I am new to this game and have a general question about the Fiat battery. 

After a long trip (about 2 hours) the Motorhome (Ace Airstream) control "box" says the battery is 13.1 V. After a day just sitting on the drive it goes down to 12.9 and over a week it gradually drops to 12.5 etc. Over winter (we got the van last Sept) it went down to 11.8 (i think) and the engine would not start without a recharge.

My question is: is this gradual discharge normal? As far as I know the only power being used is from the alarm system.

Sorry if my question seems basic, but that sums up my knowledge of such things

Gerry )


----------



## Wizzo (Dec 3, 2007)

Whilst charging from the alternator it would be quite normal for it to show in excess of 13v. A couple of hours after stopping will give a true reading after it has lost its surface charge - something less than 12.9v according to the condition of the battery.

You don't say how old your motorhome is but a lot of the new vans have things drawing power through the canbus wiring apart from the alarm - radio, reversing camera etc. and it can amount to quite a draw. Removal of the radio face plate is one partial solution.

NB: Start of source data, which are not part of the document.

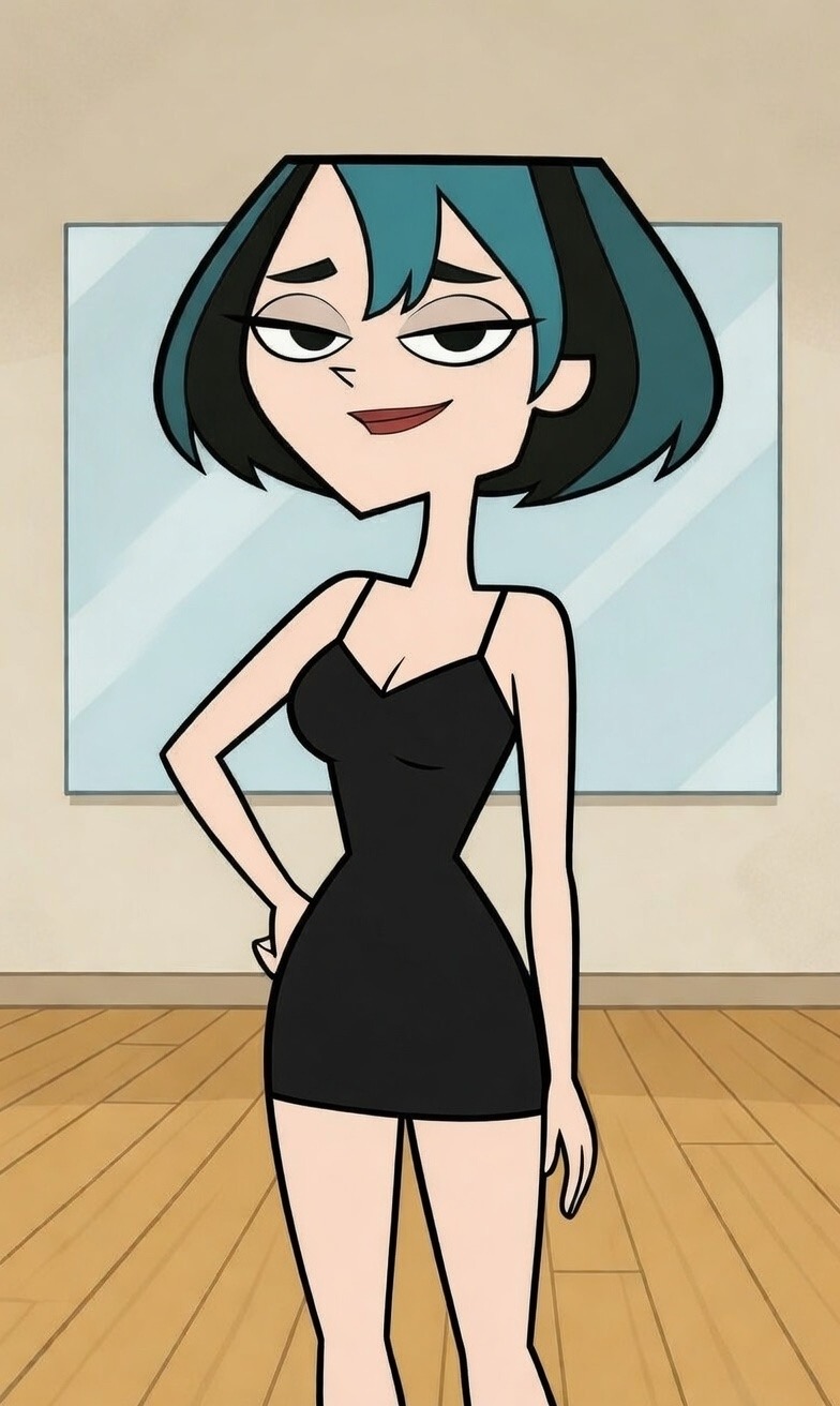 Gwen in a little black dress
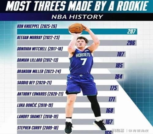 需特別指出的是,自2026年起,NBA三分球命中總數排名前三的球員中,有黃蜂隊一員。黃蜂隊的表現確實令人刮目相看!今日,克尼普爾三分球12投8中,加上這8記三分,其本賽季三分球命中總數已達209記,成功超越基根-穆雷。在命中這一記三分后,克尼普爾追平了基根-穆雷的新秀單賽季三分球紀錄(此前為206記)。而這一記三分,更使克尼普爾榮登NBA歷史新秀三分王寶座。
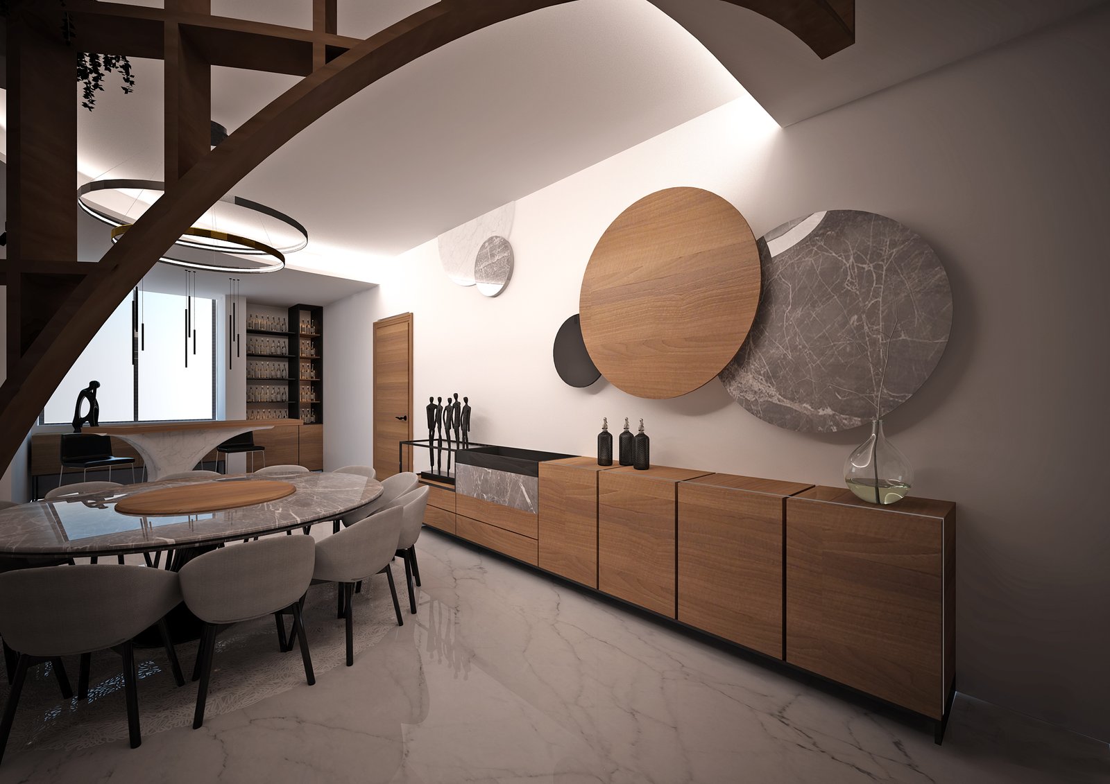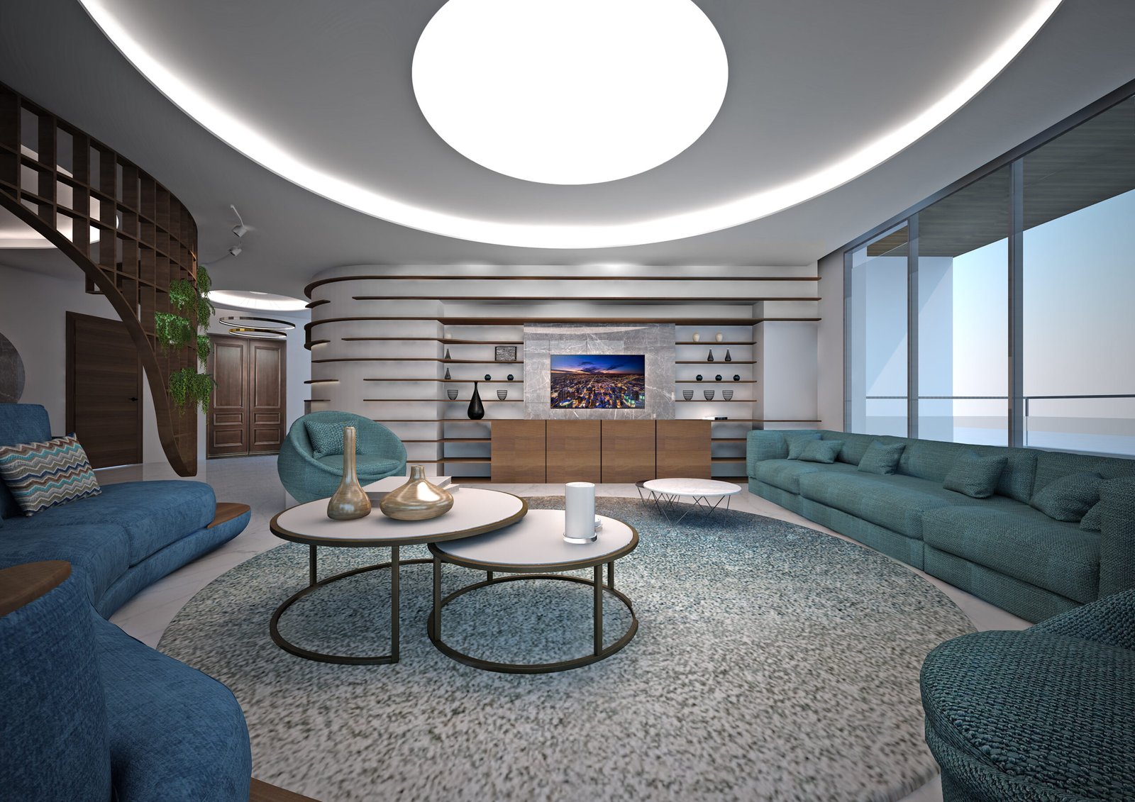 This design embraces fluidity and organic movement with wavy wooden shelving, rounded furniture in calming blue tones, and a serene, cohesive atmosphere. A circular ceiling light casts a warm glow, while floor-to-ceiling windows invite natural light, connecting indoors and outdoors. Every detail, from sleek coffee tables to wood accents, evokes harmony and effortless sophistication.

You may need to do some detective work to see what is still using power even when you are stationary.

JohnW


----------



## richardjames (Feb 1, 2006)

Mine does the same - the cobra alarm is the cause - if I leave the vehicle for three weeks I plug a charger iinto the cigar lighter to keep it above 12 volts


----------



## TheOnlyMaster (Mar 20, 2010)

Thanks John

The van is only 2 years old. I think you are telling me that this discharge is probably normal as there will be things drawing power although to my "layman" thinking with everything turned "off" then off should mean off!! 

Gerry


----------



## Wizzo (Dec 3, 2007)

TheOnlyMaster said:


> Thanks John
> The van is only 2 years old. I think you are telling me that this discharge is probably normal as there will be things drawing power although to my "layman" thinking with everything turned "off" then off should mean off!!
> Gerry


Hi Gerry,

Yes, I am of the old school too. When you turn something off you expect it to be OFF. Fortunately my old fashioned van does just that - on is ON and off is OFF! No half measures. My son in law works for a Volvo dealer and he tells me that some of them can take up to 2 hours to wind themselves down after turning the key!

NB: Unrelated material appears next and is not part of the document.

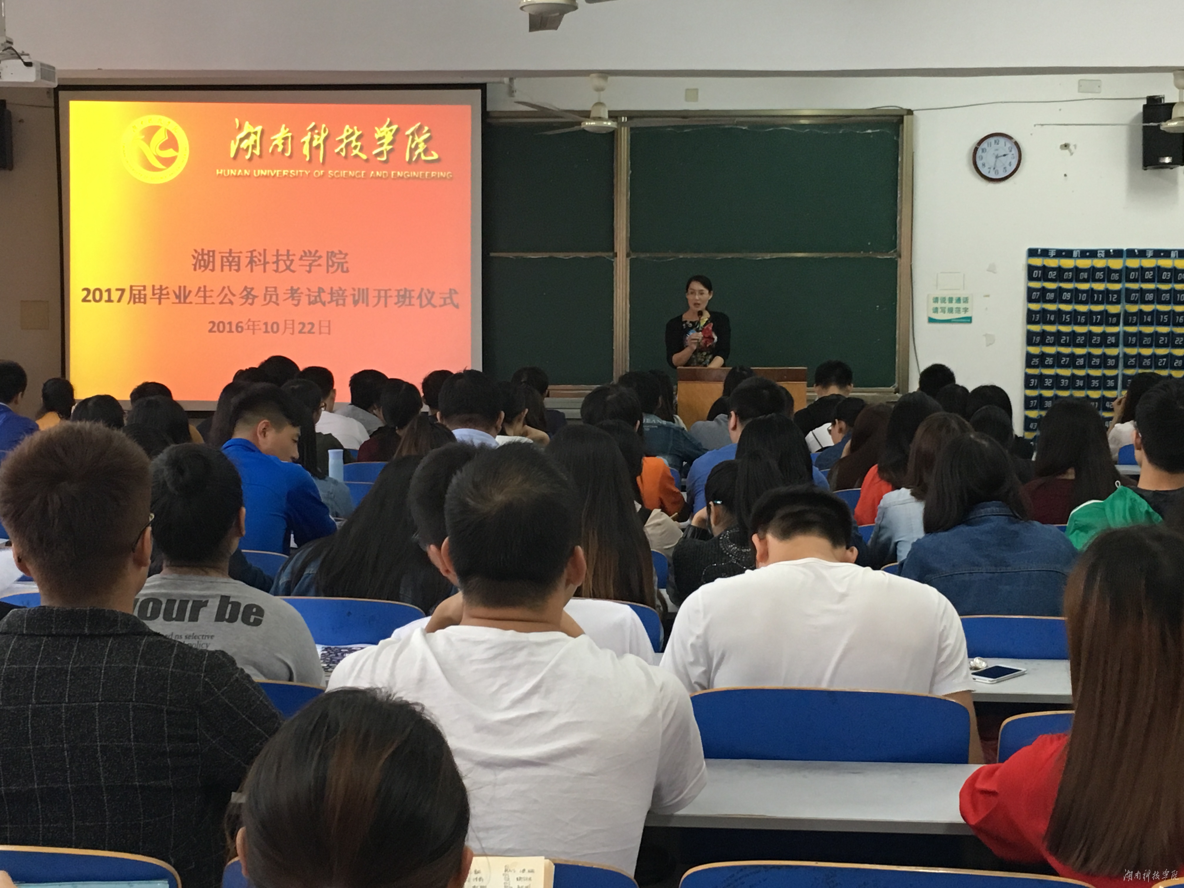 本网讯 为提升毕业生就业能力,助力我校毕业生就业求职,10月22日,由就业创业指导中心主办的2017届毕业生公务员考试培训班在明理楼502正式开班,来自各教学学院的200余名毕业生参加培训。
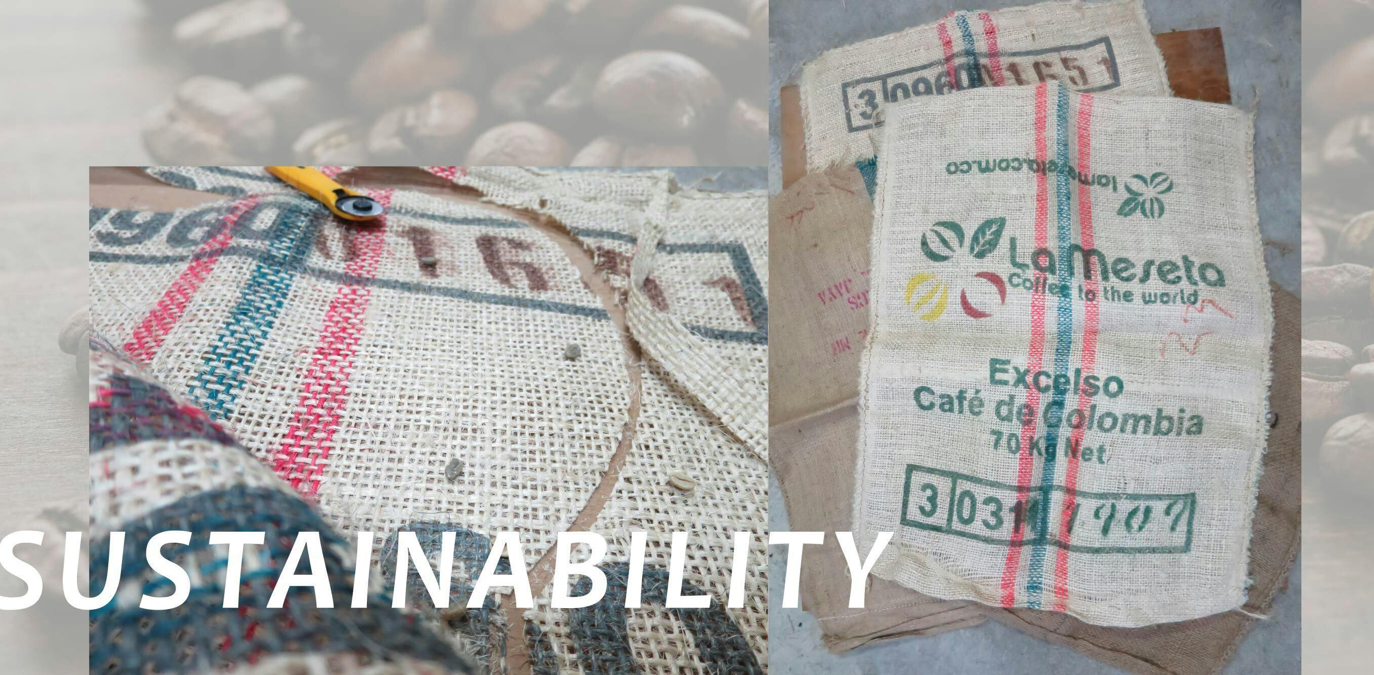素材は、コーヒー豆の輸送に使われる麻袋をアップサイクルしています。

There will be someone along shortly I am sure who is much more knowledgeable in the ways of modern electrickery.

JohnW


----------



## EJB (Aug 25, 2007)

12.6v is fully charged....after resting.
Mine goes down to about 12.1v, about half charged, after 3 weeks or so. It will start the vehicle at this level OK.

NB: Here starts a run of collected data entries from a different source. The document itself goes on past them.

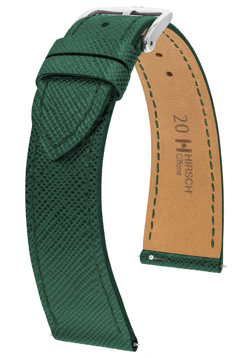 HIRSCH Giffone - лимитированная версия культового ремешка, выполненная в новом глубоком зелёном цвете. Это аксессуар для тех, кто ценит винтажный стиль, традиционное ремесло и премиальные материалы. Ремешок идеально подходит для классических и винтажных часов, подчёркивая их характер и статус.
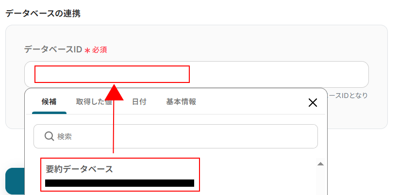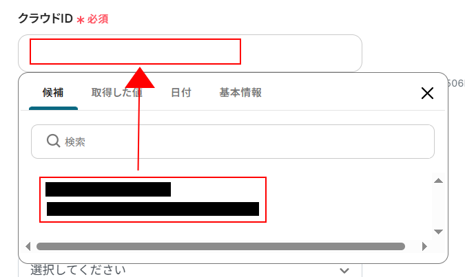 入力欄をクリックし、ステップ1で作成したものを選択してください。
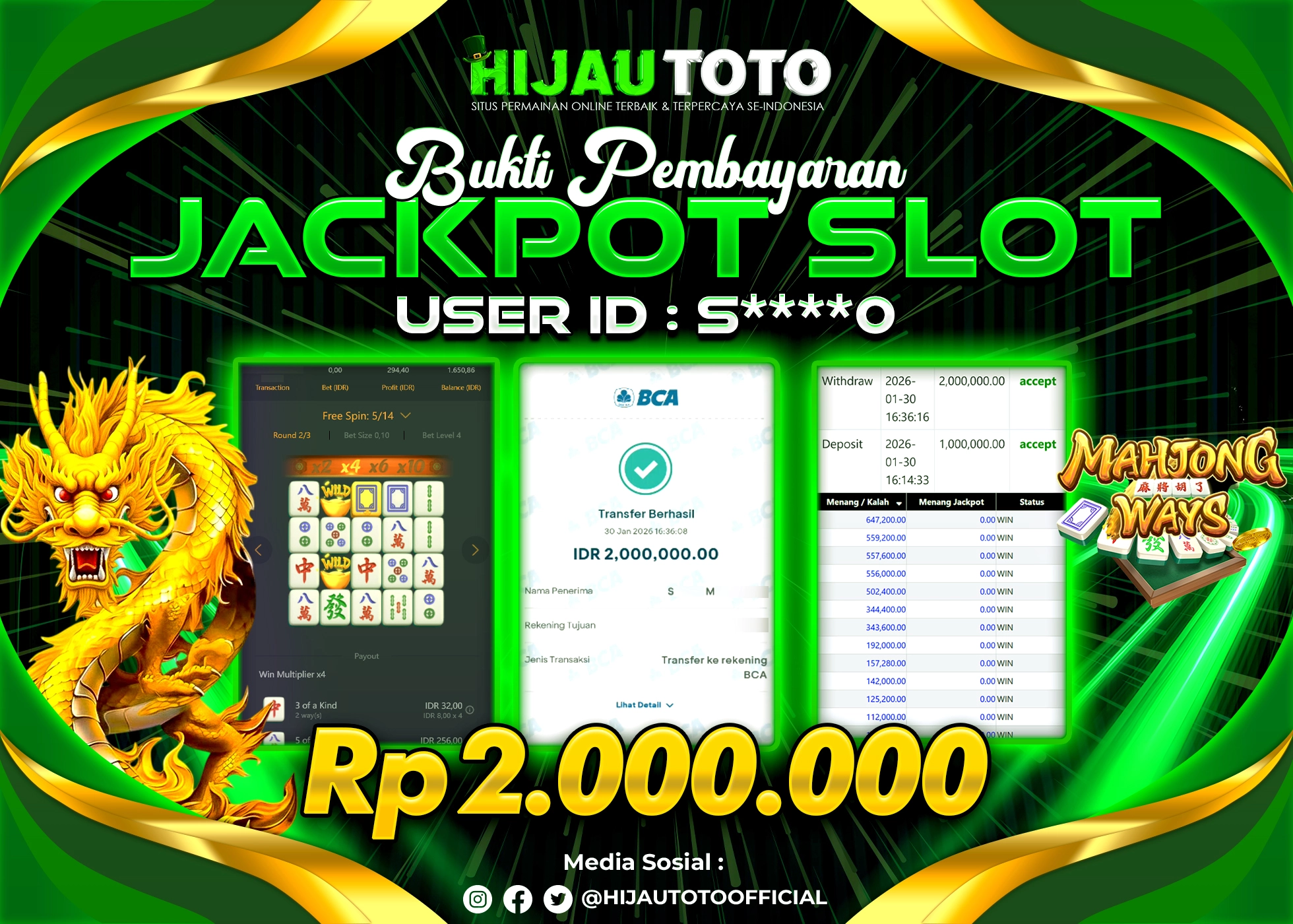 Bergabung dengan HIJAUTOTO sangat mudah dan cepat. Cukup lakukan pendaftaran dengan data lengkap, lakukan deposit minimal Rp5.000 melalui berbagai metode termasuk QRIS, dan mulai bertaruh dengan minimal taruhan Rp100. Dapatkan juga bonus new member 100% untuk modal bermain lebih besar.

I charge it for a few hours every 3 or 4 weeks.


----------



## safariboy (May 1, 2005)

I don't really like a design that requires a computer to lock and unlock the doors but modern vans seem to.
You may find in your instructions information on removing the earth (neg) lead from the battery but this is not always possible. The alternative is charging every few weeks.

These light vans are designed to be used and if you don't there can be problems. The other known issues are brake disks rusting and needing to be replaced, seals sticking, clutch problems. They are happiest being thrashed along a motorway day after day at about 70 mph for two years and then scrapped!! This is not quite how we use them but does explain why we get some problems in the winter.
In this context a battery that requires charging each week is reasonable.

We leave ours on charge. The Swift system allows trickle charging of the engine battery (or leisure battery)

I hope that some of this helps.


----------